» **Data for this task**
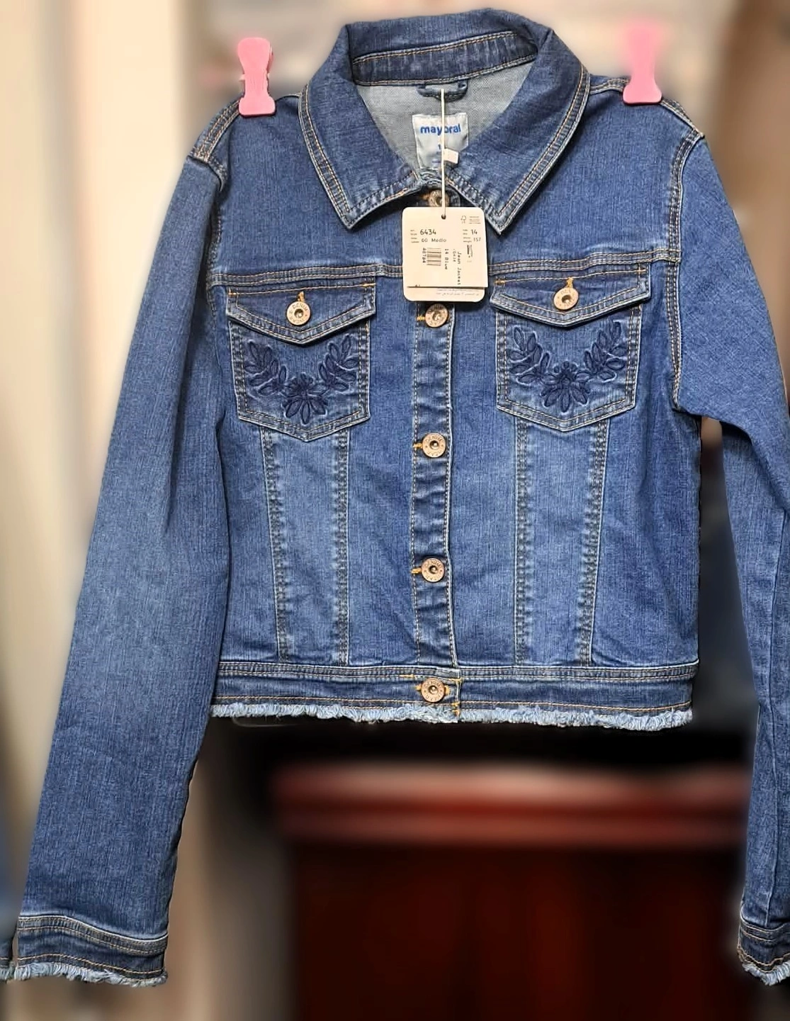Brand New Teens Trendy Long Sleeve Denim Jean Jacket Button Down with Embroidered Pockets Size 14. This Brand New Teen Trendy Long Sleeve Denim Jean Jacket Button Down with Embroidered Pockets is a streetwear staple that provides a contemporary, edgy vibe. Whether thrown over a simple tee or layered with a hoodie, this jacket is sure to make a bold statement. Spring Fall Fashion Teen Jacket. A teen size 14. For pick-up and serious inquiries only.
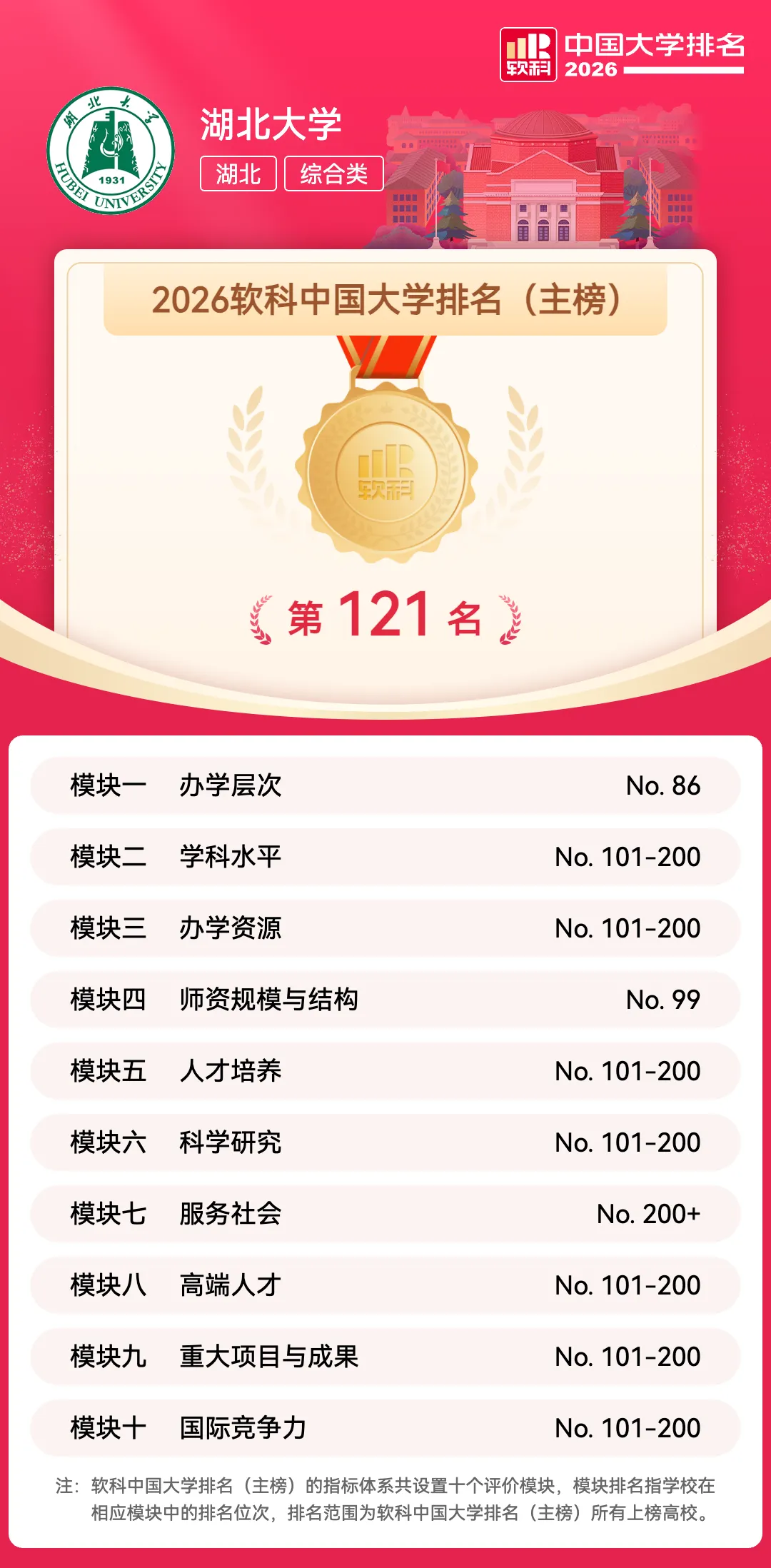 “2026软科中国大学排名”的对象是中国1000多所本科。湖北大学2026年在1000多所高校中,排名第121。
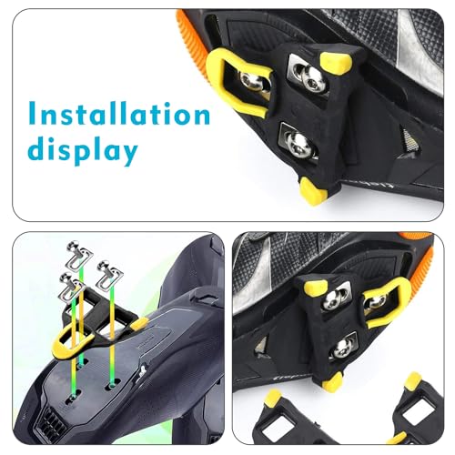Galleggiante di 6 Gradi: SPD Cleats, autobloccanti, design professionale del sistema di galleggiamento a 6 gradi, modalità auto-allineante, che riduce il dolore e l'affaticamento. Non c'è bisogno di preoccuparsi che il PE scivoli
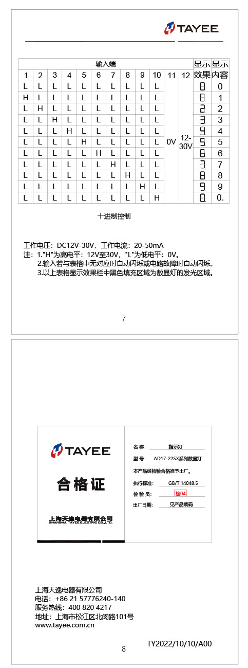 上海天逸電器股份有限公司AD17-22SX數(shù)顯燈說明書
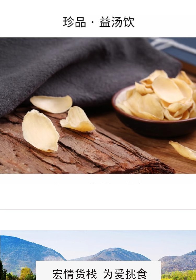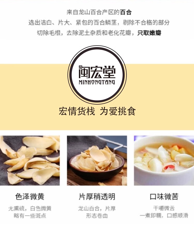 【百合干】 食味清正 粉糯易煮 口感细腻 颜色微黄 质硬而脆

» **Task description**
Pictures in the records above are to be left out of an otherwise exact copy.

» **Solution**
Brand New Teens Trendy Long Sleeve Denim Jean Jacket Button Down with Embroidered Pockets Size 14. This Brand New Teen Trendy Long Sleeve Denim Jean Jacket Button Down with Embroidered Pockets is a streetwear staple that provides a contemporary, edgy vibe. Whether thrown over a simple tee or layered with a hoodie, this jacket is sure to make a bold statement. Spring Fall Fashion Teen Jacket. A teen size 14. For pick-up and serious inquiries only.
 “2026软科中国大学排名”的对象是中国1000多所本科。湖北大学2026年在1000多所高校中,排名第121。
Galleggiante di 6 Gradi: SPD Cleats, autobloccanti, design professionale del sistema di galleggiamento a 6 gradi, modalità auto-allineante, che riduce il dolore e l'affaticamento. Non c'è bisogno di preoccuparsi che il PE scivoli
 上海天逸電器股份有限公司AD17-22SX數(shù)顯燈說明書
 【百合干】 食味清正 粉糯易煮 口感细腻 颜色微黄 质硬而脆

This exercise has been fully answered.